JPMorgan executives doubted Madoff months before collapse
Senior executives at JPMorgan Chase expressed serious doubts about the legitimacy of Bernard L. Madoff’s investment business more than 18 months before his Ponzi scheme collapsed but continued to do business with him, according to internal bank documents made public in a lawsuit Thursday.
On June 15, 2007, an obviously high-level risk management officer for Chase’s investment bank sent a lunchtime e-mail to colleagues to report that another bank executive “just told me that there is a well-known cloud over the head of Madoff and that his returns are speculated to be part of a Ponzi scheme.”
Even before that, a top private banking executive had been consistently steering clients away from investments linked to Madoff because his “Oz-like signals” were “too difficult to ignore.” And the first Chase risk analyst to look at a Madoff feeder fund, in February 2006, reported to his superiors that its returns did not make sense because it did far better than the securities that were supposedly in its portfolio.
Despite those suspicions and many more, the bank allowed Madoff to move billions of dollars of investors’ cash in and out of his Chase bank accounts up until the day of his arrest in December 2008 — although by then, the bank had withdrawn all but $35 million of the $276 million it had invested in Madoff-linked hedge funds, according to the litigation.
In a statement, the bank disputed the trustee’s accusations and said it would “vigorously” challenge the claims in court.

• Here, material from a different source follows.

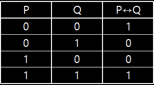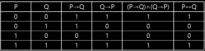 진리표를 보면 (P→Q)∧(Q→P)와 P↔Q가 똑같음을 알 수 있다.

The lawsuit against the bank was filed under seal Dec. 2 by Irving H. Picard, the bankruptcy trustee gathering assets for Madoff’s victims. At that time, David J. Sheehan, the trustee’s lawyer, asserted that Madoff “would not have been able to commit this massive Ponzi scheme without this bank.”
But with the case under seal, there was no way to gauge the documentation on which the trustee based his $6.4 billion in claims against the bank — until now.
The bank and the trustee mutually agreed to unseal the complaint, which is one of dozens of big-ticket claims the trustee has filed to recover assets for the victims of the Ponzi scheme. Other defendants include a half-dozen global banks, including HSBC in London and UBS in Switzerland, and the Wilpon family, the owners of the New York Mets.
To date, the trustee has collected about $10 billion through settlements and asset sales.